2023 protest against antisemitism in France

The March for the Republic and Against Antisemitism (marche pour la République et contre l'antisémitisme) was a protest that took place in many cities, but predominantly Paris, in France on 12 November 2023 in response to the rise in antisemitism since the beginning of the Gaza war.

== Background ==
Since the beginning of the surprise attack against Israel by Hamas on 7 October 2023, a growing number of acts of antisemitism have occurred in France. On 7 November 2023, President of the National Assembly Yaël Braun-Pivet and President of the Senate Gérard Larcher called for the formation of a "large civil protest" against antisemitism in the Palais Bourbon and Palais Luxembourg.

== Protests ==
In Paris, a march of silence began on Les Invalides at 3:00 PM, and marchers passed the National Assembly and Senate Building two hours later. Over 105,000 participated in the event, including figures such as:

- Former presidents François Hollande and Nicolas Sarkozy (and his wife, former model and singer Carla Bruni)
- Former prime ministers Jean Castex, Édouard Philippe, Bernard Cazeneuve, Manuel Valls and Jean-Marc Ayrault
- Current Prime Minister Élisabeth Borne and 30 other members of government
- President of the Constitutional Council Laurent Fabius
- Mayor of Paris Anne Hidalgo
- Politicians Sébastien Chenu, Marine Le Pen, Jordan Bardella, Marine Tondelier, Sandrine Rousseau, Marion Maréchal, Éric Zemmour, Rachida Dati, François Baroin, Eric Ciotti, Yannick Jadot, Jean-Louis Debré, Fabien Roussel, Olivier Faure, Sylvain Maillard, and Stéphane Séjourné
- Actors Raphaël Personnaz, Richard Berry, Tomer Sisley, Élie Semoun, Jean Dujardin, Natalie Portman, and Laura Smet
- Television presenters Sophie Davant, Elsa Fayer, Arthur Cyril Hanouna, and Thierry Ardisson
President Emmanuel Macron condemned antisemitism in a letter and stated that the march was a "sign of hope". In total, across France, over 182,000 people participated in the protests. Every political party represented in the current French legislature responded to the protests, with the exception of La France Insoumise, although various LFI politicians participated in the Strasbourg protests.

== Controversies ==
Jean-Luc Mélenchon, founder of the LFI, claimed that the march was a "far-right" protest with an agenda of unconditional support for the Israeli invasion of the Gaza Strip.

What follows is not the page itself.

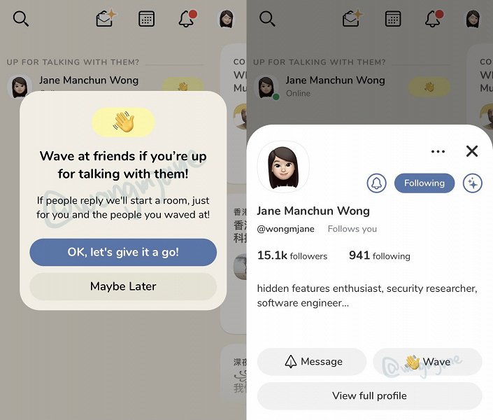 Сейчас функция называется Wave, но к релизу название может измениться. Её обнаружили в недрах кода приложения. Когда функция появится в Clubhouse, она будет доступна в виде кнопки, похоже на кнопку Wave, которую пользователи видят, когда впервые подключается к кому-то Messenger.

The Jewish left-wing collective, "Golem", founded on the night before the march, mobilized against it, upset with participation of the Rassemblement National (RN).

During the demonstration, members of the Jewish Defense League, who provided the RN's security service, assaulted a person who was protesting against Marine Le Pen and attacked demonstrators from the Golem collective.

Unlike other presidents at previous marches against antisemitism, Emmanuel Macron did not attend the rally.